ACT-JEPA — World Modeling

Overview

Canonical JEPA schematic for Action. The input is split into a visible context and hidden targets (token-level, masked blocks). The context encoder $f_\theta$ embeds what is visible; the target encoder $\bar f_\theta$ (an EMA copy, gradient stopped) embeds the targets; the predictor $g_\phi$ maps context to the target embeddings; training minimises the latent distance. The predictor is action-conditioned: $\hat z_{t+1}=g_\phi(z_t,a_t)$ — this is what turns a representation learner into a world model.

Problem. Imitation and behavior-cloning policies are data-hungry and brittle because they regress raw actions without a structured predictive model of how observations evolve. ACT-JEPA injects world-model structure into action representation learning.

Mechanism. Building on the JEPA template, a context encoder embeds the agent's observation (and action) history; a predictor is trained to jointly predict latent representations of future actions and future observations, rather than reconstructing pixels or raw control. The objective is a latent prediction loss against target encodings $\lVert P(z_{\text{ctx}}) - \text{sg}(z_{\text{tgt}})\rVert$, with stop-gradient and standard anti-collapse so the action and observation streams do not degenerate. Masking over time supplies the self-supervised signal, letting abstract action sequences and their consequences be learned together.
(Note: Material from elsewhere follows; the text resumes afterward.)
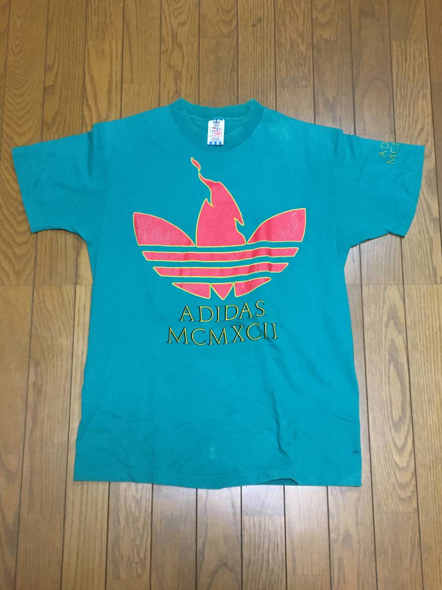 > レア ビンテージ USA製 90s adidas アディダス Tシャツ M トレフォイルロゴ 聖火 オリンピック 緑x赤 ヴィンテージ vintage オールド90年代
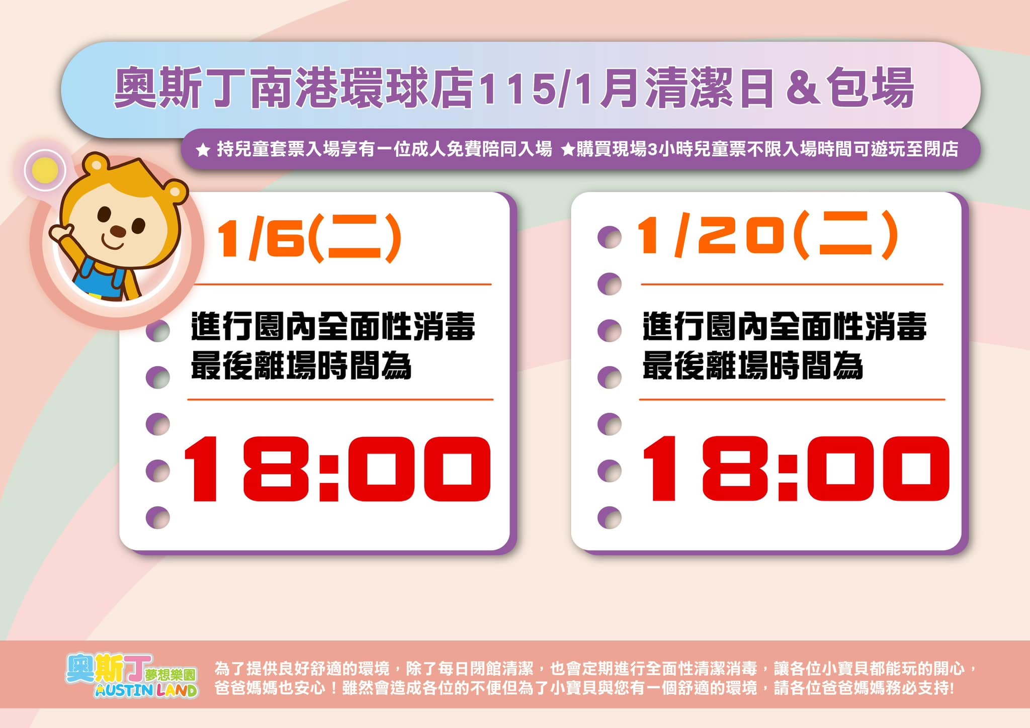 【奧斯丁1月清潔&包場日】

Contribution. Coupling action prediction with observation-latent prediction yields representations that capture both intent and consequence, improving policy quality and sample efficiency over pure behavior cloning while remaining a single JEPA-style objective.

Significance. For world modeling, ACT-JEPA shows the predictor can be the locus of policy learning: a model that anticipates its own future actions in latent space is implicitly a controllable world model usable for planning. For a biological or drug-discovery world model, the joint formulation is natural — treat interventions as the action stream and cellular state as the observation stream, so the model learns both which perturbation to apply and the predicted latent phenotypic response, supporting efficient intervention-policy design from limited experimental data.